◆ ABOUT THIS TASK ◆
Could you retype the lines below, starting at the line holding "Giveren ville være" and stopping at the line holding "Монахи прорываются сквозь", inclusive? Copy them exactly and drop the images.

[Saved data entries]
▬▬▬▬▬▬▬▬▬▬

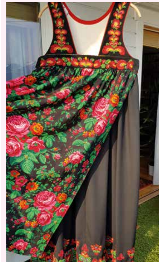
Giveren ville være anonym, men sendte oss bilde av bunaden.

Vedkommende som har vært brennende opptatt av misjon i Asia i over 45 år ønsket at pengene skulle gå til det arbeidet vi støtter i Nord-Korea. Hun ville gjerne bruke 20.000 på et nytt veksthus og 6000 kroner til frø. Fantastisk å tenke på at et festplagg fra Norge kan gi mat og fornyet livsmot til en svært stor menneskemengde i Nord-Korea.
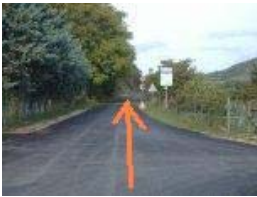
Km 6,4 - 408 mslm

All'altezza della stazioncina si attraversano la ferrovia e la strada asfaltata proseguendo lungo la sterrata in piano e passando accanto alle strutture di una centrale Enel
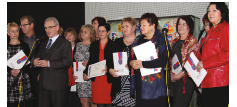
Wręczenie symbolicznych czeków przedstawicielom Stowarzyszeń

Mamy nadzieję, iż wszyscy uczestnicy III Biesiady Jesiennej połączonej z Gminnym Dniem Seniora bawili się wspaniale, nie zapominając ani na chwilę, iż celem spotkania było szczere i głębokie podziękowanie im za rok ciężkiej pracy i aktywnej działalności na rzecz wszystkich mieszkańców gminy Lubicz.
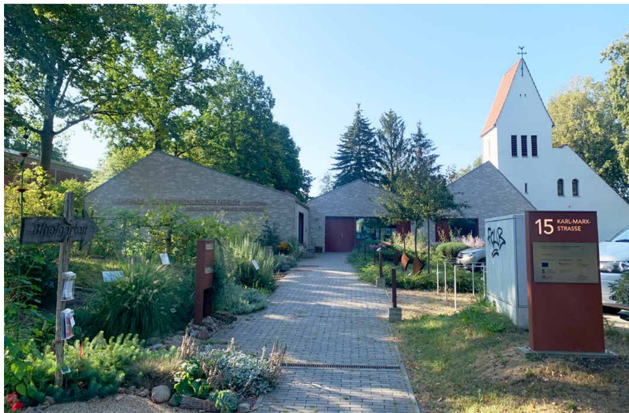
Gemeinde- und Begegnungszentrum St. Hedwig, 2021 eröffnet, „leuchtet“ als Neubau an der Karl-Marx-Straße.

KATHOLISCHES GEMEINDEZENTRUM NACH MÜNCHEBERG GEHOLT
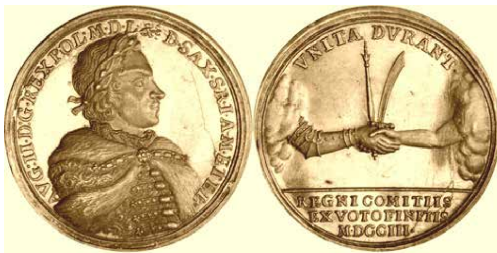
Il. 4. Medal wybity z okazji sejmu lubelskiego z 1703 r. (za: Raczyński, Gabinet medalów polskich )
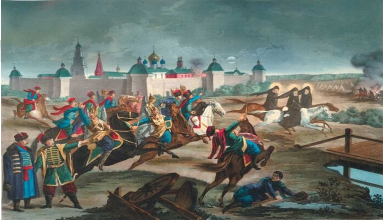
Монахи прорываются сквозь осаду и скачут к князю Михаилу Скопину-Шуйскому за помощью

▬▬▬▬▬▬▬▬▬▬

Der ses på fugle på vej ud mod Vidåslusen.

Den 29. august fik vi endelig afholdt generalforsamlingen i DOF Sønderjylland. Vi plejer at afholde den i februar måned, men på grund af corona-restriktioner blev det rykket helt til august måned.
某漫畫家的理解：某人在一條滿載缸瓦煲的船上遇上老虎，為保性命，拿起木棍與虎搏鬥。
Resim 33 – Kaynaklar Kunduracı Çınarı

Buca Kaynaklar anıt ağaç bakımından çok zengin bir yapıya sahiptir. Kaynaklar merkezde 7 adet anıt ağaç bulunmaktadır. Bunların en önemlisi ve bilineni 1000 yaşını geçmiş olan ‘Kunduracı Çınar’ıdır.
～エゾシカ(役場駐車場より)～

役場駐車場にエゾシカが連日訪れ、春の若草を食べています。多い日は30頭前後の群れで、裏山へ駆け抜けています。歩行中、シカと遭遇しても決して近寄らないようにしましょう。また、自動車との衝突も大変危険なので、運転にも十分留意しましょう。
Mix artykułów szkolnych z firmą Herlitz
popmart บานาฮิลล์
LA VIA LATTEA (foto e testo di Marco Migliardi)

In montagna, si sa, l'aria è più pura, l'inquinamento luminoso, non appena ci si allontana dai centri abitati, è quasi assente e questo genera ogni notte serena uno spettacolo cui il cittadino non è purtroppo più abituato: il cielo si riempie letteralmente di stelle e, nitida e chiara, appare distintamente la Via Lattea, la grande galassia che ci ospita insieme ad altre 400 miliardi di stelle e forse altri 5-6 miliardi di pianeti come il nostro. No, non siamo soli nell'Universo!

▬▬▬▬▬▬▬▬▬▬

◆ WRITTEN RESPONSE ◆
Giveren ville være anonym, men sendte oss bilde av bunaden.

Vedkommende som har vært brennende opptatt av misjon i Asia i over 45 år ønsket at pengene skulle gå til det arbeidet vi støtter i Nord-Korea. Hun ville gjerne bruke 20.000 på et nytt veksthus og 6000 kroner til frø. Fantastisk å tenke på at et festplagg fra Norge kan gi mat og fornyet livsmot til en svært stor menneskemengde i Nord-Korea.
Km 6,4 - 408 mslm

All'altezza della stazioncina si attraversano la ferrovia e la strada asfaltata proseguendo lungo la sterrata in piano e passando accanto alle strutture di una centrale Enel
Wręczenie symbolicznych czeków przedstawicielom Stowarzyszeń

Mamy nadzieję, iż wszyscy uczestnicy III Biesiady Jesiennej połączonej z Gminnym Dniem Seniora bawili się wspaniale, nie zapominając ani na chwilę, iż celem spotkania było szczere i głębokie podziękowanie im za rok ciężkiej pracy i aktywnej działalności na rzecz wszystkich mieszkańców gminy Lubicz.
Gemeinde- und Begegnungszentrum St. Hedwig, 2021 eröffnet, „leuchtet“ als Neubau an der Karl-Marx-Straße.

KATHOLISCHES GEMEINDEZENTRUM NACH MÜNCHEBERG GEHOLT
Il. 4. Medal wybity z okazji sejmu lubelskiego z 1703 r. (za: Raczyński, Gabinet medalów polskich )
Монахи прорываются сквозь осаду и скачут к князю Михаилу Скопину-Шуйскому за помощью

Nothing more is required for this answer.